Oxford Centre for Functional Magnetic Resonance Imaging of the Brain, University of Oxford, Oxford OX3 9DU, United Kingdom.
Proc Natl Acad Sci U S A. 2012 Feb 21;109(8):3131-6. doi: 10.1073/pnas.1121329109. Epub 2012 Feb 7.
Resting-state functional magnetic resonance imaging has become a powerful tool for the study of functional networks in the brain. Even "at rest," the brain's different functional networks spontaneously fluctuate in their activity level; each network's spatial extent can therefore be mapped by finding temporal correlations between its different subregions. Current correlation-based approaches measure the average functional connectivity between regions, but this average is less meaningful for regions that are part of multiple networks; one ideally wants a network model that explicitly allows overlap, for example, allowing a region's activity pattern to reflect one network's activity some of the time, and another network's activity at other times. However, even those approaches that do allow overlap have often maximized mutual spatial independence, which may be suboptimal if distinct networks have significant overlap. In this work, we identify functionally distinct networks by virtue of their temporal independence, taking advantage of the additional temporal richness available via improvements in functional magnetic resonance imaging sampling rate. We identify multiple "temporal functional modes," including several that subdivide the default-mode network (and the regions anticorrelated with it) into several functionally distinct, spatially overlapping, networks, each with its own pattern of correlations and anticorrelations. These functionally distinct modes of spontaneous brain activity are, in general, quite different from resting-state networks previously reported, and may have greater biological interpretability.

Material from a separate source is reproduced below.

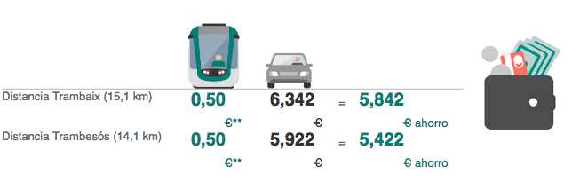 En el caso de otro ejemplo sobre las ventajas que ofrece el uso del tranvía respecto al vehículo privado, se puede destacar el ahorro para el usuario, ya que el uso del tranvía para los desplazamientos es sensiblemente inferior a los costes de circular y mantener un vehículo privado.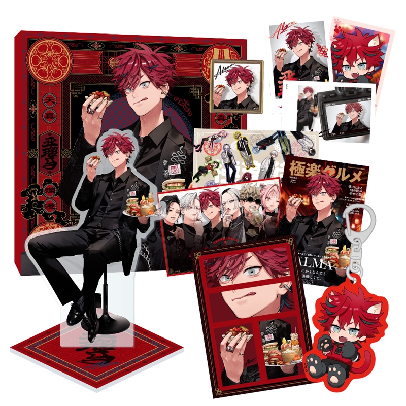 「極楽街 近すぎて美しい極近店」より、アルマのグッズがたくさん入ったスペシャルボックスが登場! アクリルスタンド1個、角缶バッジ1個、アクリルキーホルダー1個、トレーディングカード3枚、ポストカード3枚、シール1枚が入った、飾っても嬉しい豪華仕様です!

静息态功能磁共振成像已成为研究大脑功能网络的有力工具。即使在“静息”状态下,大脑的不同功能网络也会在其活动水平上自发波动;因此,可以通过找到不同子区域之间的时间相关性来绘制每个网络的空间范围。目前基于相关的方法测量区域之间的平均功能连接,但对于属于多个网络的区域,这种平均值意义不大;理想情况下,人们希望有一种网络模型能够明确允许重叠,例如,允许一个区域的活动模式在某些时候反映一个网络的活动,而在其他时候反映另一个网络的活动。然而,即使是那些允许重叠的方法,也常常最大限度地提高了空间独立性,如果不同的网络有显著的重叠,这可能不是最优的。在这项工作中,我们利用功能磁共振成像采样率提高带来的额外时间丰富性,通过时间独立性来识别功能不同的网络。我们确定了多个“时间功能模式”,包括将默认模式网络(以及与之反相关的区域)细分为几个功能不同、空间重叠的网络的几个模式,每个模式都有其自身的相关性和反相关性模式。这些自发脑活动的功能不同模式通常与以前报道的静息状态网络有很大不同,并且可能具有更大的生物学可解释性。